--- START ---

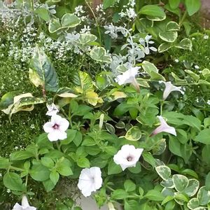 去年に引き続き、 地植えにほぼ放置で モリモリ咲いてくれる 白ペチュニア☺️💓 ピンクの部分も出てきました♬
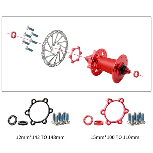 Pakiet zawiera: Ten zestaw zawiera 1 szt. Adaptera do konwersji piasty, 2 szt. Przekładki i 6 szt. Śrub.
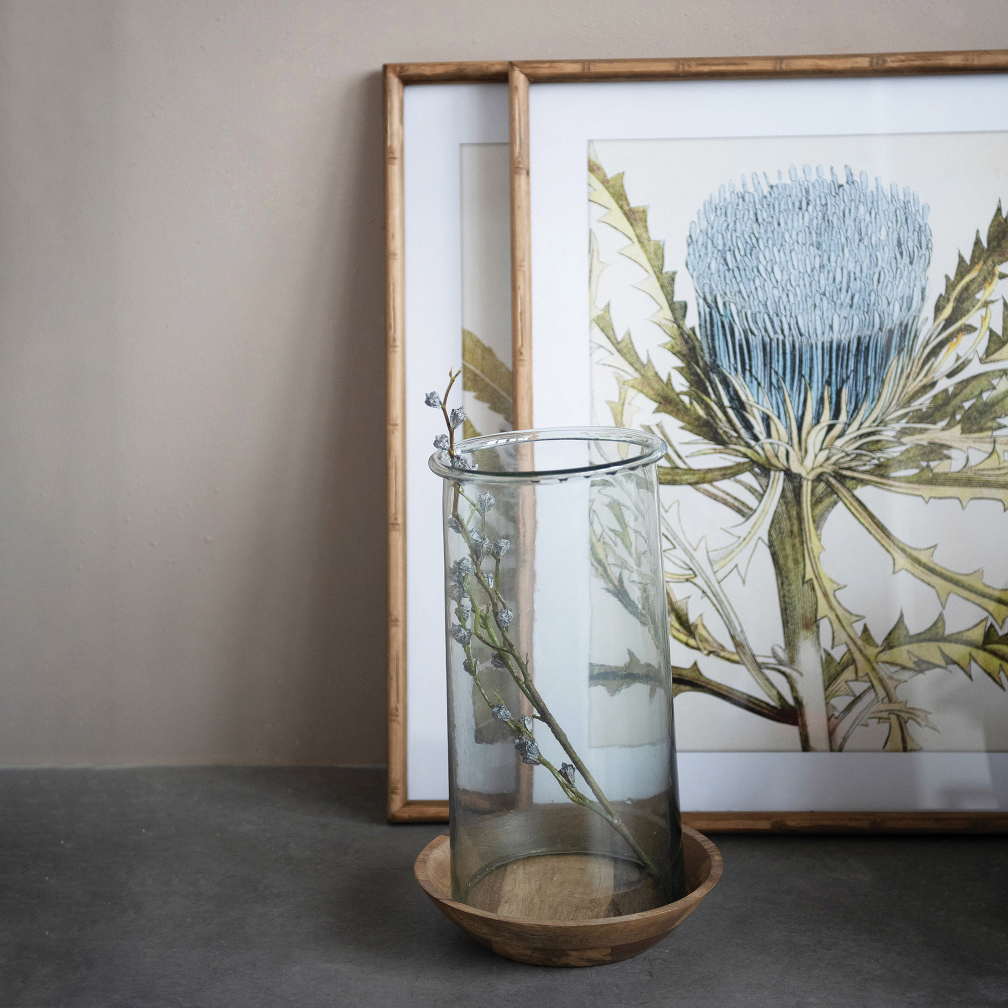 Catalog Name: 21"W x 27"H Wood Faux Bamboo Framed Glass Wall Decor w/ Flower, 2 Styles, Truck Ship
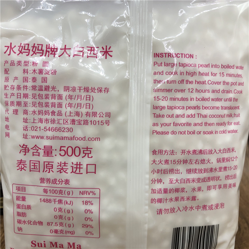 5 Pack 1 Water Mom Grand White Simi Thailand Import Big Grain Simi Coconut Pulp West Midew Raw 500G
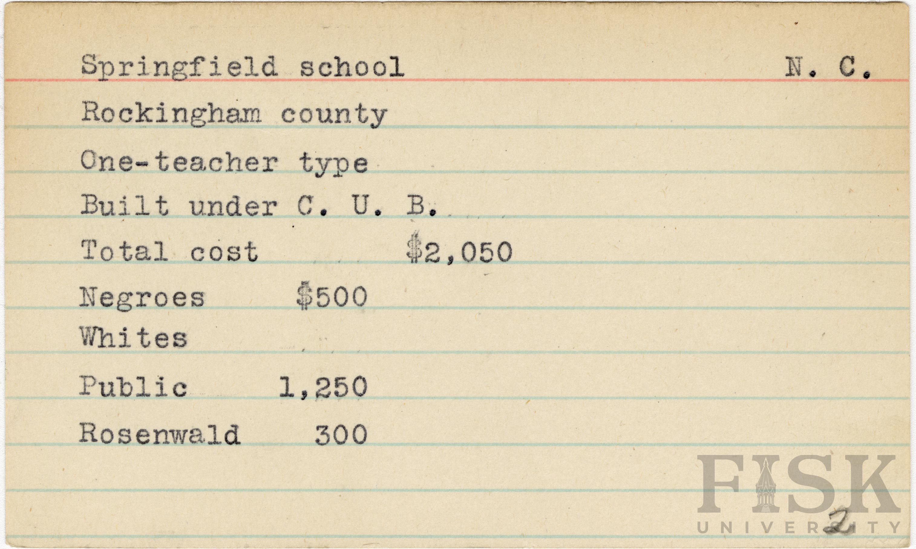 - Julius Rosenwald Fund--Buildings, African American schools--History--20th century, African American schools--Springfield School
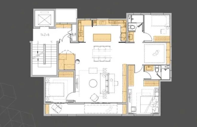 这个180平户型,让餐厅、厨房、客厅组成了一个完整的大空间,面积达到了30多平。
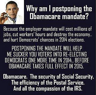 By postponing the employer mandate, Obama has given millions of Americans the legal standing to sue.

--- END ---

- DESCRIPTION OF THE TASK:
Give back every record above word for word; the pictures have no place in it.

- EXERCISE OUTPUT:
 去年に引き続き、 地植えにほぼ放置で モリモリ咲いてくれる 白ペチュニア☺️💓 ピンクの部分も出てきました♬
 Pakiet zawiera: Ten zestaw zawiera 1 szt. Adaptera do konwersji piasty, 2 szt. Przekładki i 6 szt. Śrub.
 Catalog Name: 21"W x 27"H Wood Faux Bamboo Framed Glass Wall Decor w/ Flower, 2 Styles, Truck Ship
 5 Pack 1 Water Mom Grand White Simi Thailand Import Big Grain Simi Coconut Pulp West Midew Raw 500G
 - Julius Rosenwald Fund--Buildings, African American schools--History--20th century, African American schools--Springfield School
 这个180平户型,让餐厅、厨房、客厅组成了一个完整的大空间,面积达到了30多平。
 By postponing the employer mandate, Obama has given millions of Americans the legal standing to sue.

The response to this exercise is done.